In our examination of the aforesaid documents, we have assumed the legal capacity of all natural persons, the genuineness of all signatures, the completeness and authenticity of all documents submitted to us as originals, and the conformity to original documents of all documents submitted to us as certified, telecopied, photostatic or reproduced copies. In connection with the opinions expressed below, we have assumed that, at and prior to the time of the sale and delivery of the Shares pursuant to the Registration Statement, (i) the Resolutions have not been amended, modified or rescinded, (ii) no stop order suspending the effectiveness of the Registration Statement has been issued and no proceedings with respect thereto have been commenced or threatened, and (iii) there has not occurred any change in law materially adversely affecting the power of the Company to offer and sell the Shares or the validity of the Shares.

We have also assumed that the offering, sale and delivery of the Shares will not at the time of such offering, sale and delivery violate or conflict with (i) the Declaration of Trust, as then amended, restated and supplemented, and Bylaws, as then amended, restated and supplemented, of the Company, (ii) any provision of any license, indenture, instrument, mortgage, contract, document or agreement to which the Company is then a party or by which the Company is then bound, or (iii) any law or regulation or any decree, judgment or order then applicable to the Company. We have further assumed that the number of Shares to be offered and sold pursuant to the Registration Statement will not at the time of such offering and sale exceed the amount of such class of capital shares authorized in the Declaration of Trust, as then amended, restated or supplemented, and unissued (and not otherwise reserved for issuance) at such time.

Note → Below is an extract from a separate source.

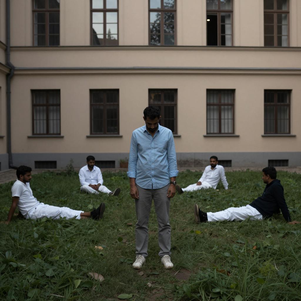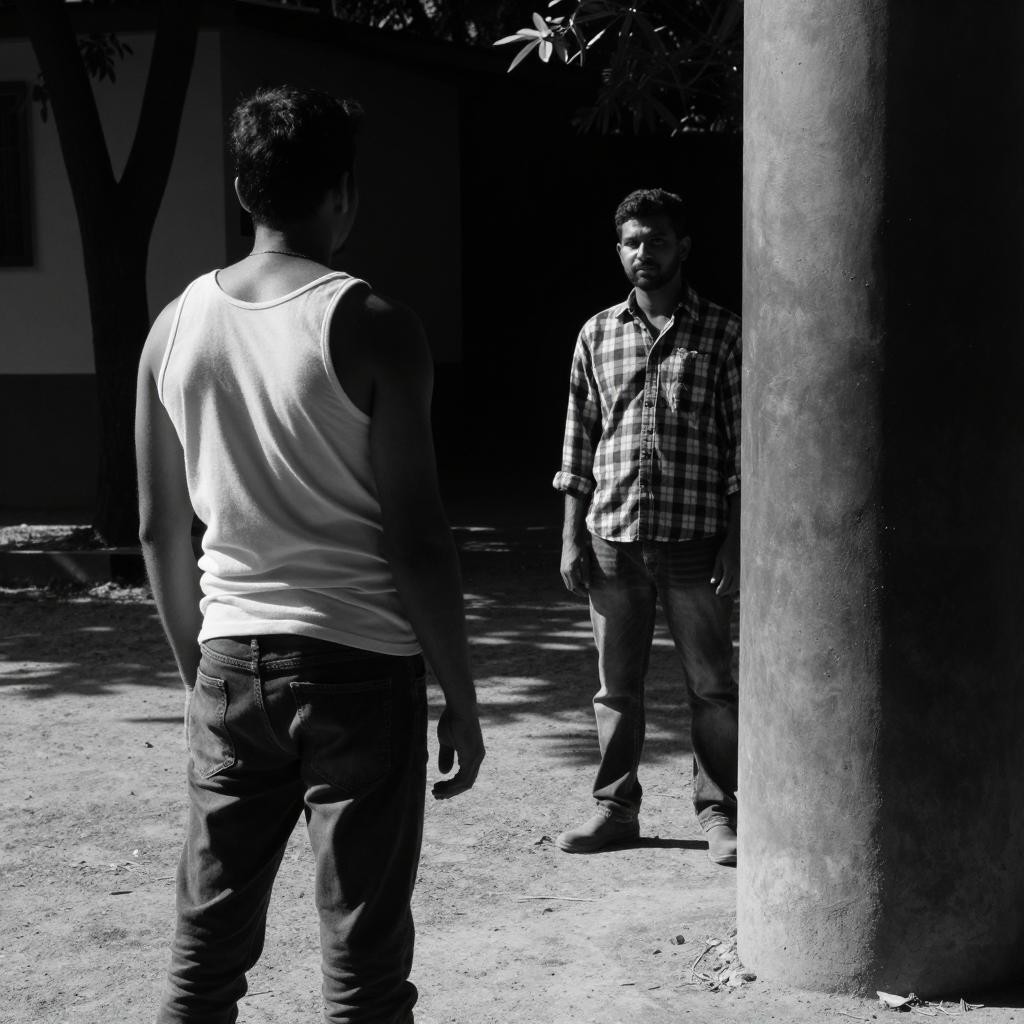 Black and white photograph. Two men in a dark, outdoor setting. Foreground man, back view, tank top, jeans, hands at sides. Background man, checkered shirt, jeans, facing forward, standing on dirt ground. Large cylindrical object to right. Tree and building partially visible in background. Shadows and light contrast create depth.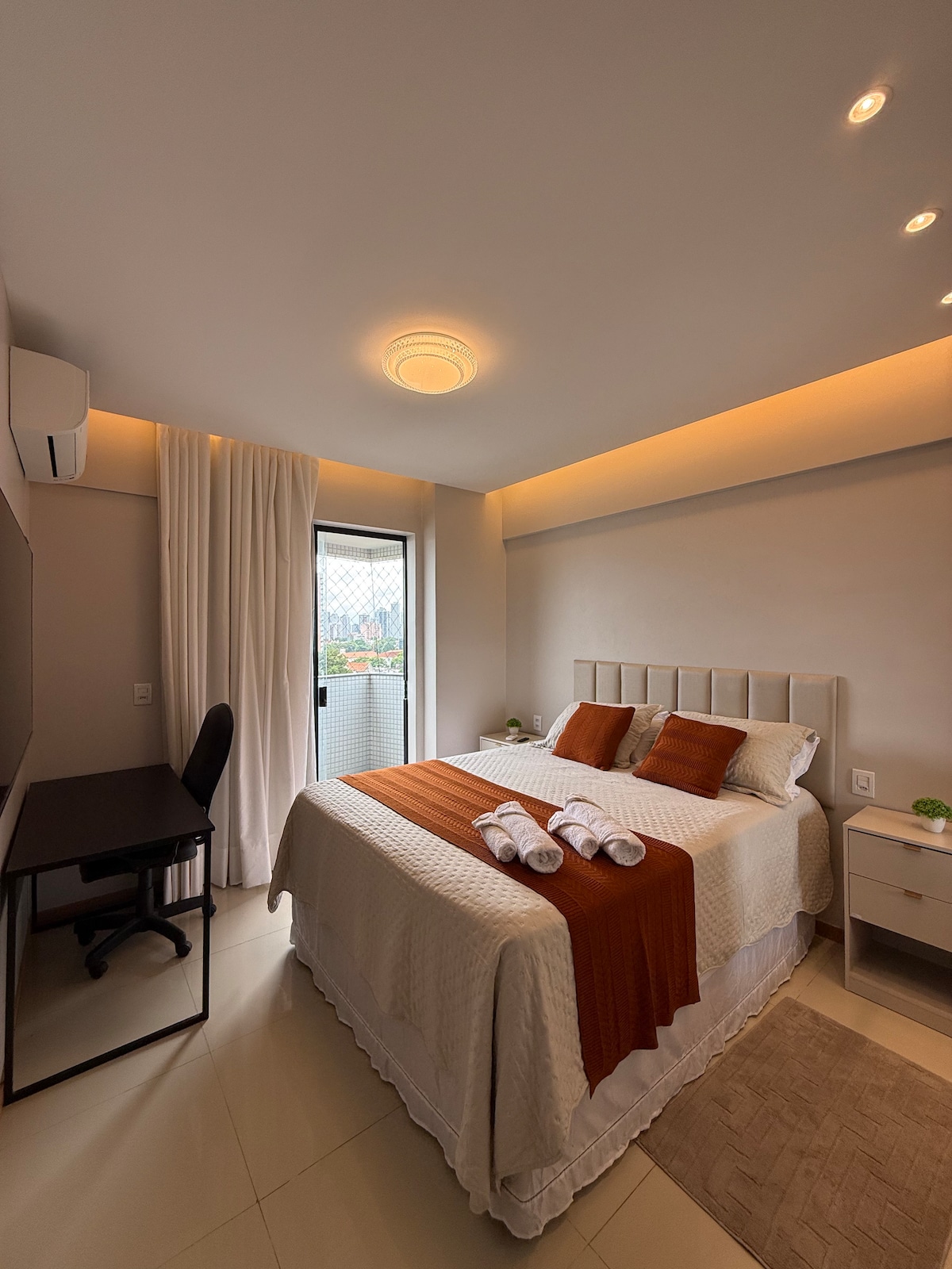 Enjoy a comfortable stay in Belém! This premium apartment features 2 air-conditioned bedrooms, a cozy living room, fast Wi-Fi and a fully equipped kitchen. The building offers a pool, gym, mini-market and 24/7 security. Located on Av. Gentil Bittencourt, you’ll be close to major city attractions, events, restaurants and services. A modern, practical and welcoming space for those seeking convenience, relaxation and mobility.

Federal Realty Investment Trust

September 14, 2006

Page 3

Based upon the foregoing and subject to the limitations and qualifications hereinafter set forth, we are of the opinion that the Shares, when sold, issued and delivered by Company in accordance with the terms of the Underwriting Agreement and the Pricing Agreement, will be validly issued, fully paid and nonassessable.

This opinion is limited to the laws of the United States and Maryland law, in each case excluding choice of law provisions thereof. We render no opinions with respect to the law of any other jurisdiction. Our opinion is rendered only with respect to the laws and the rules, regulations and orders thereunder that are currently in effect. We assume no obligation to advise you of any changes in the foregoing subsequent to the delivery of this opinion.

We hereby consent to the filing of this opinion as an exhibit to the Registration Statement and to the use of our name in the Prospectus under the caption “Legal Matters.” The giving of this consent, however, does not constitute an admission that we are “experts” within the meaning of Section 11 of the Securities Act of 1933, as amended (the “Act”), or within the category of persons whose consent is required by Section 7 of the Act.